▸ WHAT IS BEING ASKED
Retype exactly the lines from the one containing "Climatherm thermo-hygrometer in" through the last line of the records below, including both, and leave out any pictures.
=== Section Start ===
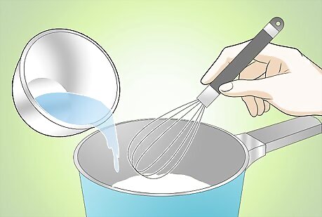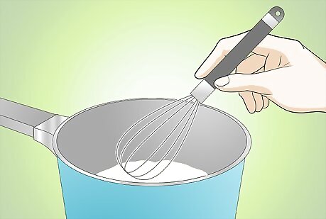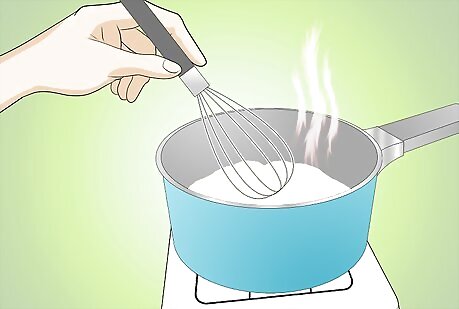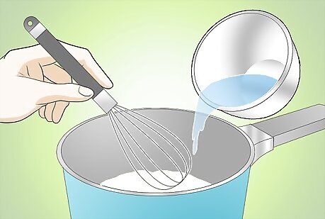 Place the saucepan containing the flour mixture on the stove top. Turn the heat onto the medium setting.
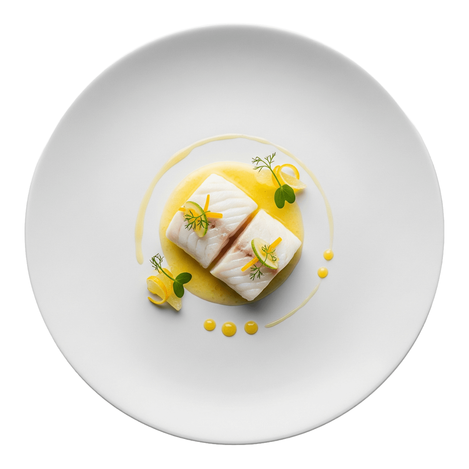 Bar de ligne en croûte de sel avec une sauce au beurre blanc citronné.
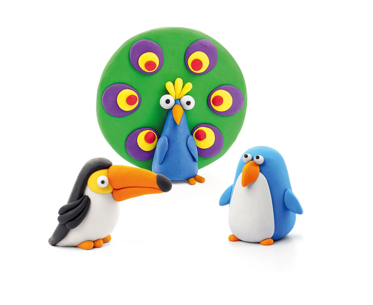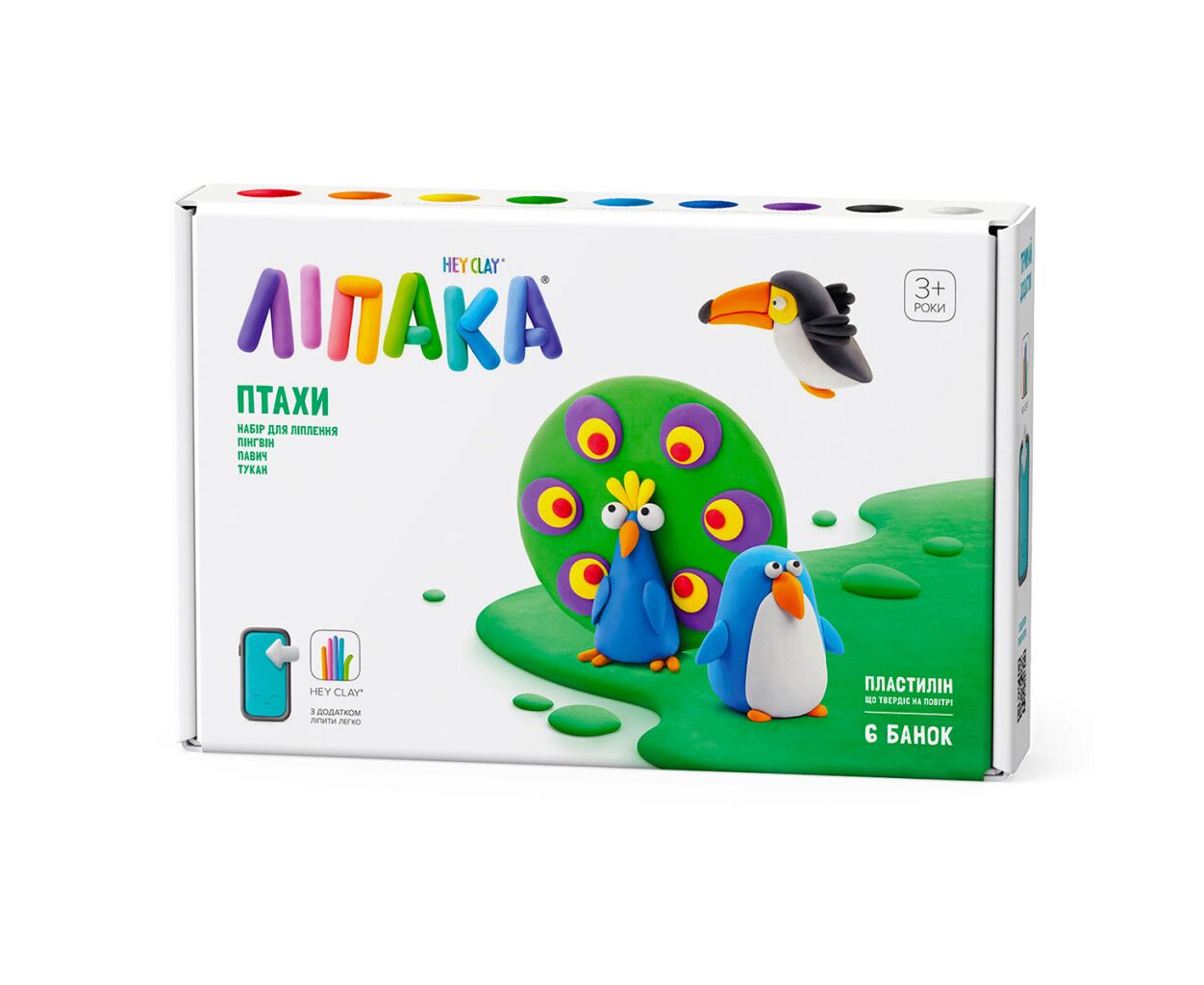 Набор самозатвердевающего пластилина ЛИПАКА – ПТИЦЫ: ПИНГВИН, ПАВЛИН, ТУКАН – развлечет и детей и взрослых. С помощью анимационных инструкций в приложении HEY CLAY, Вы сможете слепить 3 забавных птичек. Пластилин твердеет на воздухе за 24 часа, после чего можно играться созданными фигурками.
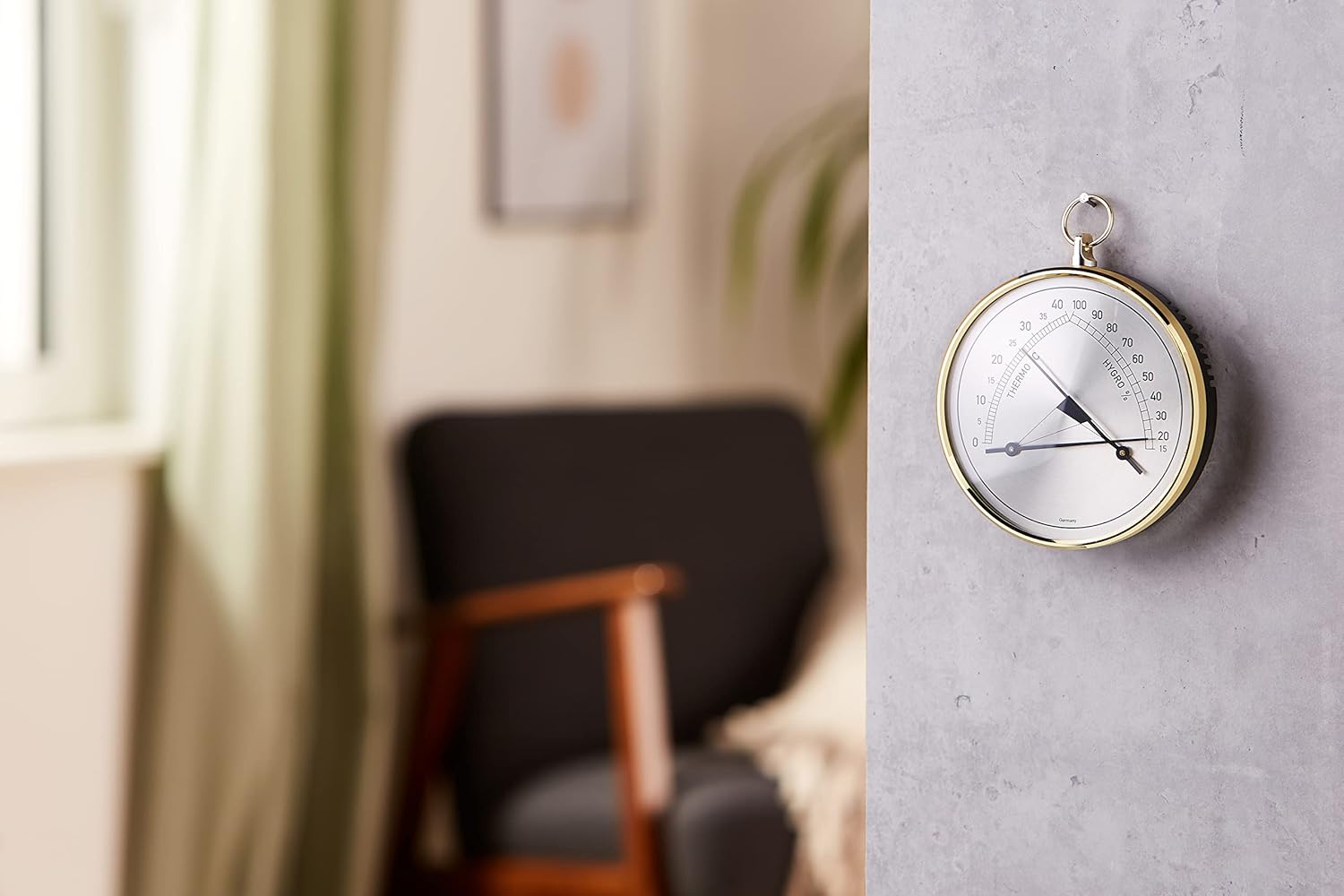 Climatherm thermo-hygrometer in plastic case with brass display rim
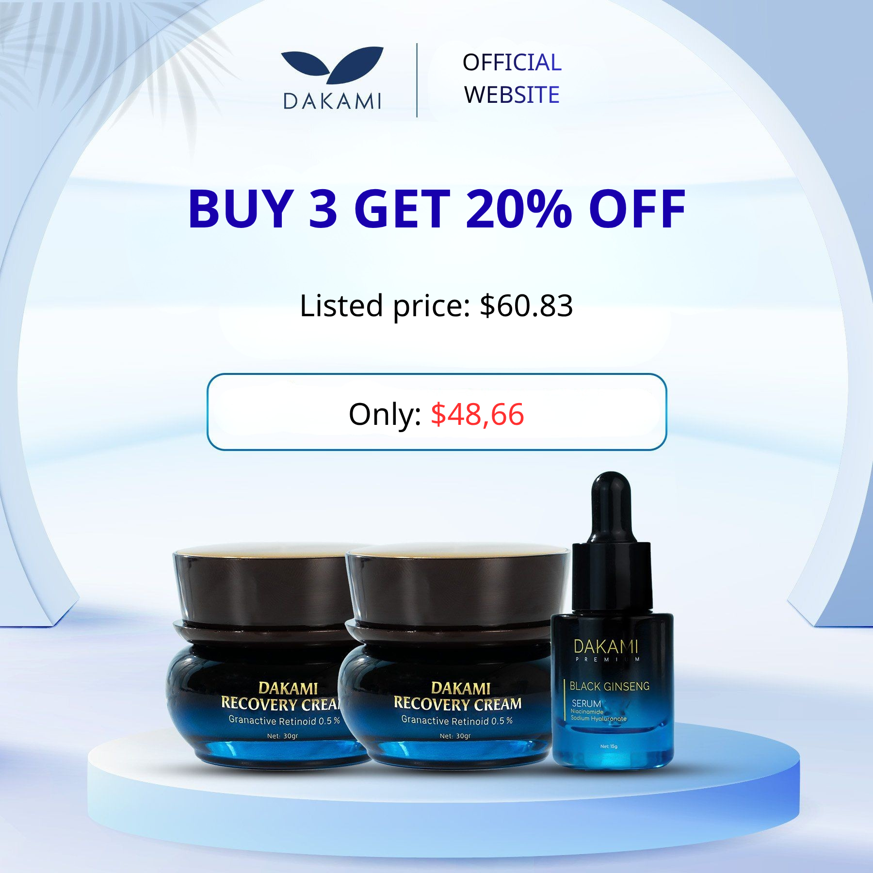 The product set includes: 2 Dakami Black Ginseng anti-aging creams, 1 Black Ginseng multi-layer moisturizing serum.
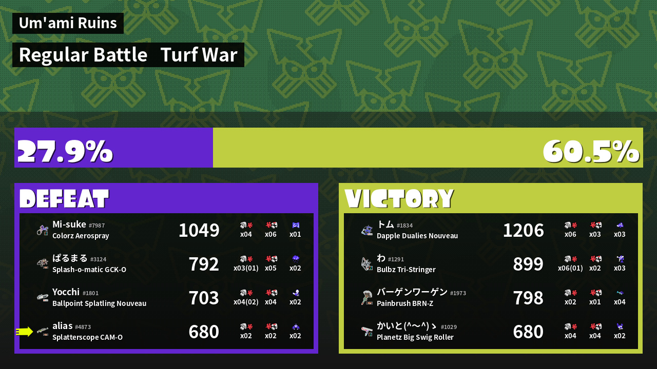 | Mode | Turf War - Regular Battle | ||
=== Section End ===
▸ YOUR RESPONSE
 Climatherm thermo-hygrometer in plastic case with brass display rim
 The product set includes: 2 Dakami Black Ginseng anti-aging creams, 1 Black Ginseng multi-layer moisturizing serum.
 | Mode | Turf War - Regular Battle | ||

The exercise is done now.